Pero resultó que en el Internet tampoco se salvó de la letanía a la que tanto huía. Al iniciar su messenger vio varias notificaciones de correos nuevos con la palabra "Influenza" incluida en el asunto. Comenzó a leer algunos mensajes que el mismo Ro había reenviado a todos sus conocidos, en orden de aparición:

- ¡Cuidado con el virus de la influenza!
- Peligro de epidemia por influenza, favor de seguir recomendaciones
- La mentira de la influenza
- Complot internacional: influenza
- ¿Verdad o mentira? saque sus conclusiones acerca de la influenza

Lo que la motivó a seguir leyendo fue que cada vez encontraba más mensajes contradictorios. Algunos de los mensajes incluían enlaces a videos que despertaron el interés de Diana, recordándole debates buenísimos en la clase de la maestra Carmen, donde se hablaba de política, historia, democracia y hasta conspiraciones.

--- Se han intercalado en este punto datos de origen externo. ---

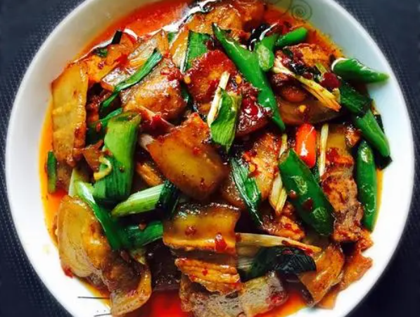 回锅肉是一种古老的食物,是人们用来供奉鬼神和祖先的食物,一道经典菜肴。一个长期生活在外地的四川人,每次返回四川,可以不去品尝任何的美食,但一定要去尝一尝回锅肉。把去皮的猪肉放进锅里,放进开水里,把猪肉放进锅里,烧到刚从里面捞出来,稍微冷却一下,然后把猪肉按照横筋的长度,把猪肉切成长度为6.6厘米,宽度为5厘米,厚度为0.3厘米的薄片。

El primero de esos videos fue "The shock doctrine":




Diana podría ser una adolescente enamoradiza, pero ese día, su curiosidad y sed de verdad habían sido liberadas como dos leones hambrientos... Se puso a buscar noticias en diferentes medios, así como le había enseñado su maestra Carmen, y descubrió tal cantidad de cifras y sugerencias contradictorias emitidas por parte de diferentes autoridades, que sintió miedo, no ya de la epidemia, sino de lo que hubiera detrás de ella.

Obama había visitado recientemente México y se había reunido con el presidente Calderón, se hablaba de una crisis financiera desde finales del año anterior, las grandes empresas multinacionales dejaban de ser rentables... En México se seguía insistiendo en que se tenían las medidas para soportar ese problema y se seguían poniendo los reflectores en el tema de la inseguridad por el narcotráfico... Ahora todo era diferente, los reflectores apuntaban a un extraño virus que estaba matando gente, pero nadie decía exactamente en cuáles hospitales, ni bajo qué condiciones, ni siquiera podían ponerse de acuerdo en las cifras. Aún así, las fronteras se cerraban, la actividad económica se detenía y ella no podría regresar a la escuela con Ro hasta una semana después.

Si esta epidemia era una conspiración, entonces "el chupacabras", "la mataviejitas" y "los náufragos" no eran más que distractores made in México de baja categoría, esto de la influenza porcina era de orden mundial.